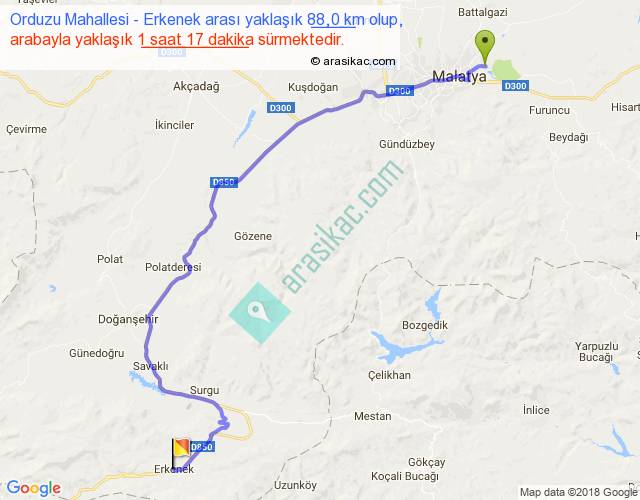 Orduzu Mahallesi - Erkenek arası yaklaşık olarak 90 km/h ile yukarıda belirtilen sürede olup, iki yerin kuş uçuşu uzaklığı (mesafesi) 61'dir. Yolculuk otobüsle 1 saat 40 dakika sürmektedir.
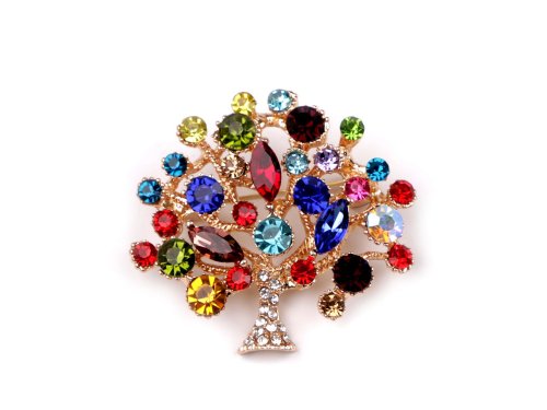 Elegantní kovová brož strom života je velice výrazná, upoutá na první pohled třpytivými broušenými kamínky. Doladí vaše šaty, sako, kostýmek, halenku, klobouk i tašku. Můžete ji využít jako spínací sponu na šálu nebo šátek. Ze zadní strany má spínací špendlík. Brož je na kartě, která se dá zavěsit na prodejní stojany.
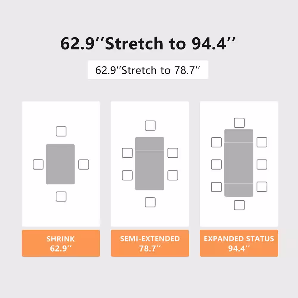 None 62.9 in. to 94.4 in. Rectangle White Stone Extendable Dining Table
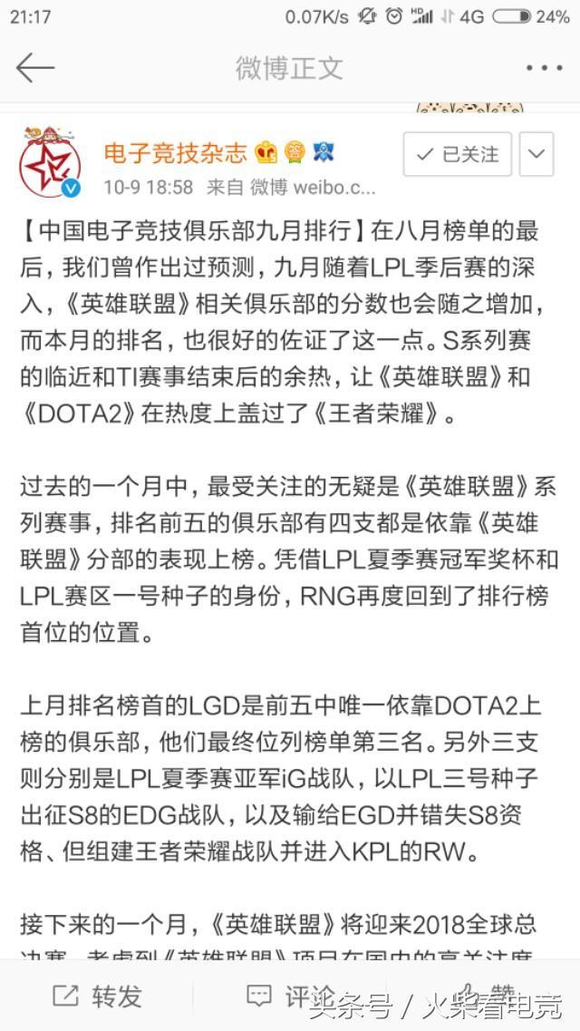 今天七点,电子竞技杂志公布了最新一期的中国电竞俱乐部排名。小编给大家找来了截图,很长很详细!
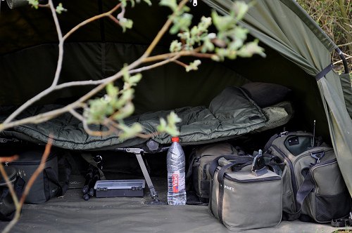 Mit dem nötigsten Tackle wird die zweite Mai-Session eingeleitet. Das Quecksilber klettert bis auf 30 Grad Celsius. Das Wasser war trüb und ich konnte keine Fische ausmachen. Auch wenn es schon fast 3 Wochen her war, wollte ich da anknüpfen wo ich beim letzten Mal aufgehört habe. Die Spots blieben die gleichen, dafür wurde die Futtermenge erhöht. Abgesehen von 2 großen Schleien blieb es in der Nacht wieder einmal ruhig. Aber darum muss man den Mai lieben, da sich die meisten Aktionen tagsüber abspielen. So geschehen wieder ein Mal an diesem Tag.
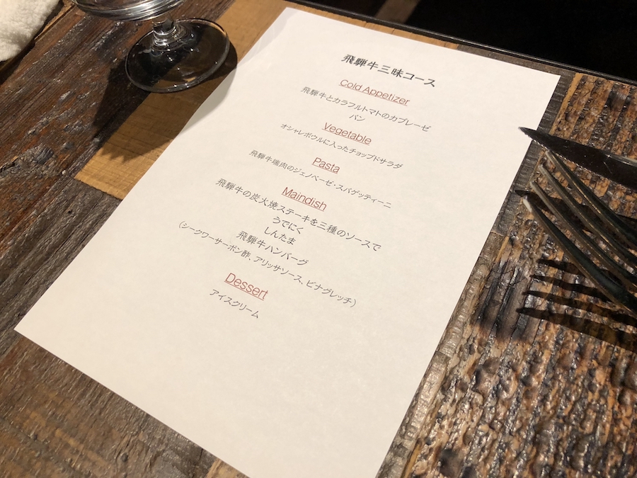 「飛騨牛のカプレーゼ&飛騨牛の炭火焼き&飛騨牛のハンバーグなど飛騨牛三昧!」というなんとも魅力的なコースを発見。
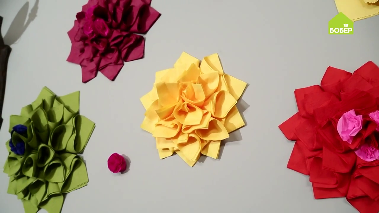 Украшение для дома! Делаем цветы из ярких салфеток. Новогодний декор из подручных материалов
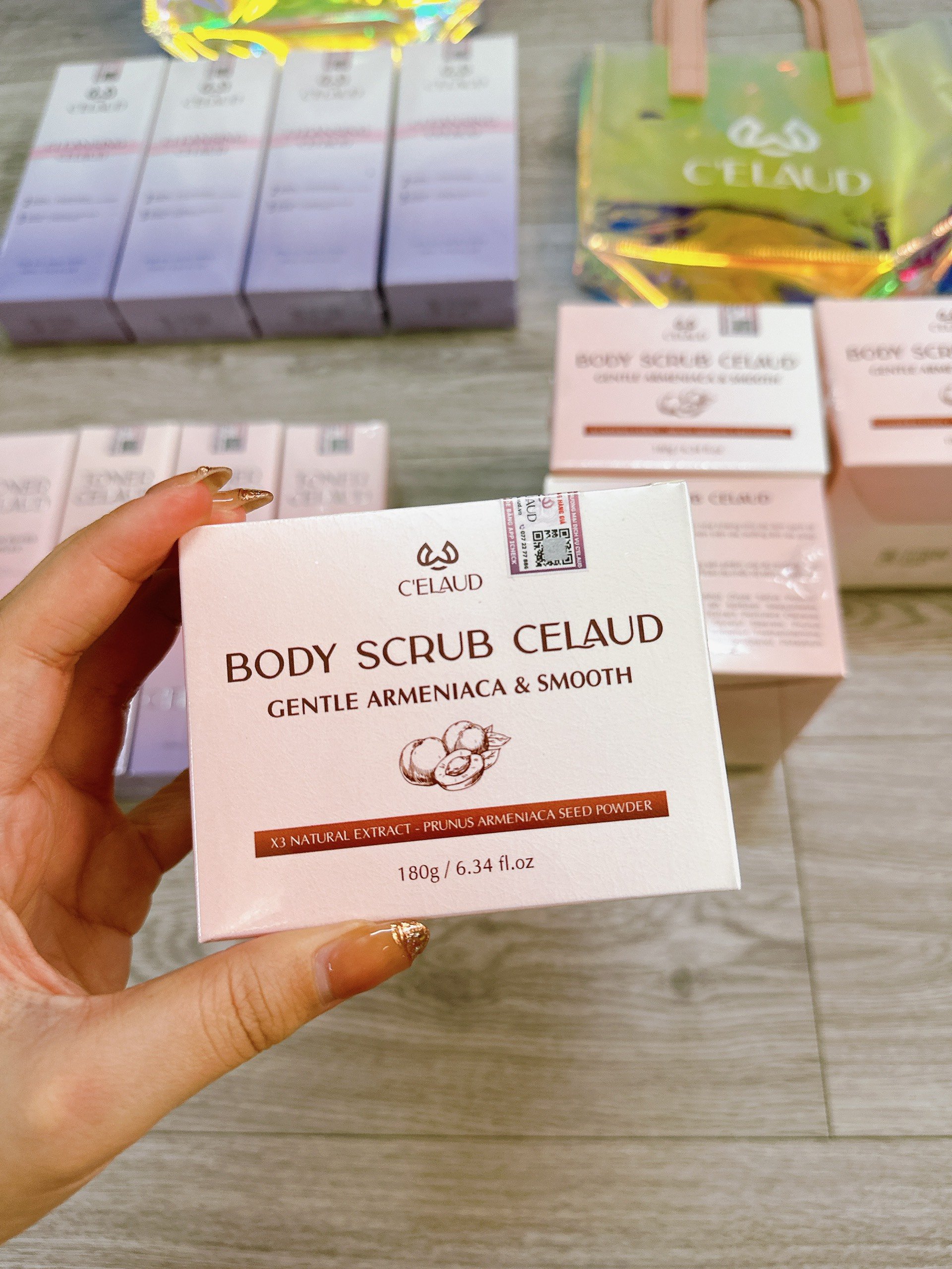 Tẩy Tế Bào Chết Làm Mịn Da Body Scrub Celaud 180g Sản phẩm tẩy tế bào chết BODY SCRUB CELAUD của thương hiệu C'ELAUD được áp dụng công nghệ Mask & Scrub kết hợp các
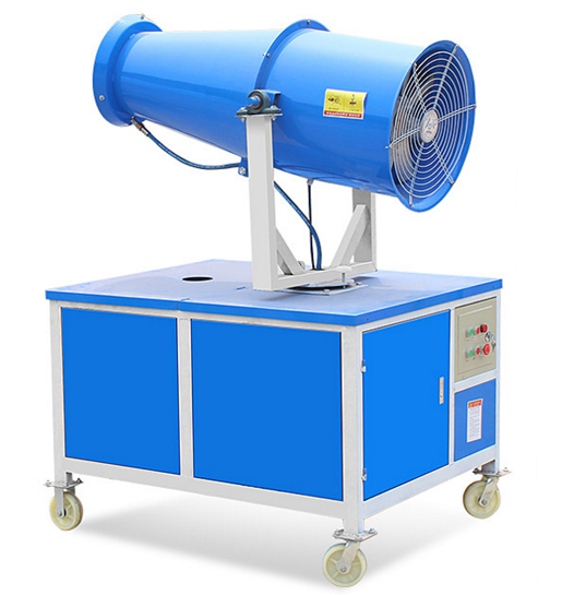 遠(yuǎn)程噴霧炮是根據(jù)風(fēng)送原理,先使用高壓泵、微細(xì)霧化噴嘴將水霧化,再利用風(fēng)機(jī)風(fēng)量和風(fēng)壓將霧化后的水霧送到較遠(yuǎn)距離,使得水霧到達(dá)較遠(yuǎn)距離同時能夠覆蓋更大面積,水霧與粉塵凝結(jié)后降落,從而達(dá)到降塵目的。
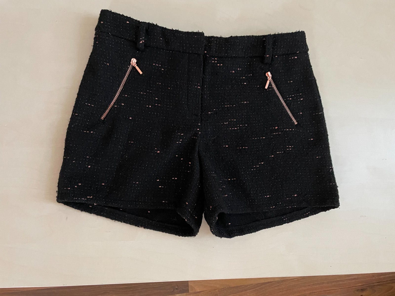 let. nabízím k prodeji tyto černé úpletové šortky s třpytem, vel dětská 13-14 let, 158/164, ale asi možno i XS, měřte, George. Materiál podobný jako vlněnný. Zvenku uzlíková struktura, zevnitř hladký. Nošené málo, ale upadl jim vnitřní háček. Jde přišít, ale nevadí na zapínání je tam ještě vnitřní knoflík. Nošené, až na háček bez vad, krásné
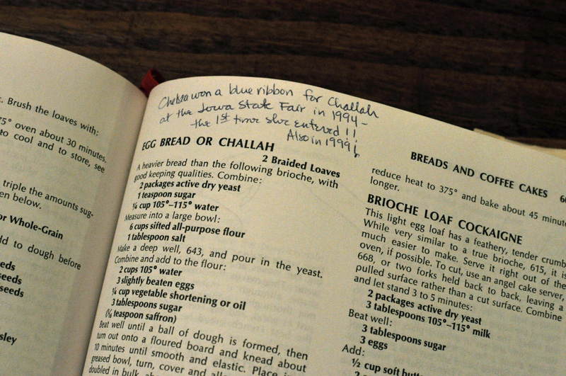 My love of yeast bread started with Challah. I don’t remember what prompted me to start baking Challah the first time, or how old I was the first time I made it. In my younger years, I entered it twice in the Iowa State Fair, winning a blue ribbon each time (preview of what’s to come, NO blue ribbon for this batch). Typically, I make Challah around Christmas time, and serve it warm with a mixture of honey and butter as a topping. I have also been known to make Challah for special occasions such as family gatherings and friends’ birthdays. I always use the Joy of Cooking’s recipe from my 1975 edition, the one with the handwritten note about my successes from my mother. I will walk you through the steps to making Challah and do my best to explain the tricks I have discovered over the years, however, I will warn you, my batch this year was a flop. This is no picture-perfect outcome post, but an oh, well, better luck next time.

○ ○ ○

__Directions__
Set the pictures aside and transcribe exactly the stretch of lines above, beginning with the one holding "Украшение для дома!" and ending with the one holding "let. nabízím k".

__Task output__
 Украшение для дома! Делаем цветы из ярких салфеток. Новогодний декор из подручных материалов
 Tẩy Tế Bào Chết Làm Mịn Da Body Scrub Celaud 180g Sản phẩm tẩy tế bào chết BODY SCRUB CELAUD của thương hiệu C'ELAUD được áp dụng công nghệ Mask & Scrub kết hợp các
 遠(yuǎn)程噴霧炮是根據(jù)風(fēng)送原理,先使用高壓泵、微細(xì)霧化噴嘴將水霧化,再利用風(fēng)機(jī)風(fēng)量和風(fēng)壓將霧化后的水霧送到較遠(yuǎn)距離,使得水霧到達(dá)較遠(yuǎn)距離同時能夠覆蓋更大面積,水霧與粉塵凝結(jié)后降落,從而達(dá)到降塵目的。
 let. nabízím k prodeji tyto černé úpletové šortky s třpytem, vel dětská 13-14 let, 158/164, ale asi možno i XS, měřte, George. Materiál podobný jako vlněnný. Zvenku uzlíková struktura, zevnitř hladký. Nošené málo, ale upadl jim vnitřní háček. Jde přišít, ale nevadí na zapínání je tam ještě vnitřní knoflík. Nošené, až na háček bez vad, krásné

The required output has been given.